Some of the candidates were in remand during the election campaign
and even on the day of election. Later they were released on bail
by the Court of Appeal.
The Offensive
Weapons Act and the amendments to the Firearms Act were used to
harass and keep political opponents in remand. This was because
a Magistrate had no jurisdiction to grant bail. The High Court of
Kandy in Keheliya Rambukwella's case decided to release the suspects
on bail and interpreted that the Bail Act does not preclude the
High Court from granting bail. This decision was followed by many
Magistrates who saw that most people in remand suspected to be in
possession of offensive weapons were political opponents of the
Government and there was no material to sustain the charges and
released them on bail. Yet, these two sections were more than a
handful for the Police to keep political opponents of a regime in
remand.
Mr. Weerakoon's
amendments to the Bail Act had identified more than fifty offences
in the schedule where the Magistrate's discretion to grant bail
had been taken away. For instance, the offence of grievous hurt
is triable by a magistrate. But the same magistrate has no power
to examine the material to find out whether the charges of grievous
hurt are borne out by medical evidence. Even in a charge of non-grievous
hurt if the Police desire could be bracketed with a charge of grievous
hurt as no one can decide on the injury without having access to
the medico-legal report.
The magistrate
would merely become a post box signing the report and sealing the
fate of the suspect. The suspect has no option but to make an application
to the High Court. This process is expensive and will take at least
three weeks before a decision could be arrived at.
Instead of
the magistrate, the discretion to release or remand a person if
the Bail Act becomes law would be vested with the Police. A person
may be able to use his position and power to influence the Police
to change a report and according to his wishes remand or release
a suspect. There will be a handful of lawyers who would decide the
fate of a suspect at the Police Station on the consideration offered
and given.
An ordinary case of cheating may become cheating by impersonation.
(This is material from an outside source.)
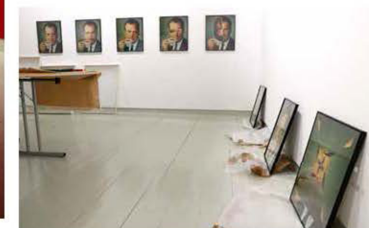
«Nixon visions» (1971) av Kjartan Slettemark, her i ferd med å bli montert på veggen.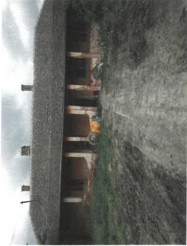
Szakállas telep 32., hrsz: 8022

Similarly an employer who wants to get rid of his worker will have
to get one of his employees to make a complaint of criminal breach
of trust by the worker. He will then be remanded for at least three
months. If the High Court has refused to grant bail in an offence
which comes under the proviso of the schedule of offences, the Police
will then again decide whether the suspect will be released or not
because the present Bail Bill envisages that after three months
if the proceedings are not executed the Court is compelled to release
a suspect on bail. If the Police is interested in keeping the suspect
for a further three months the Police can then file a plaint and
charge the suspect. Otherwise the Police may conveniently inform
Court that the investigations are not complete then the Magistrate
will be compelled to release the suspect on bail.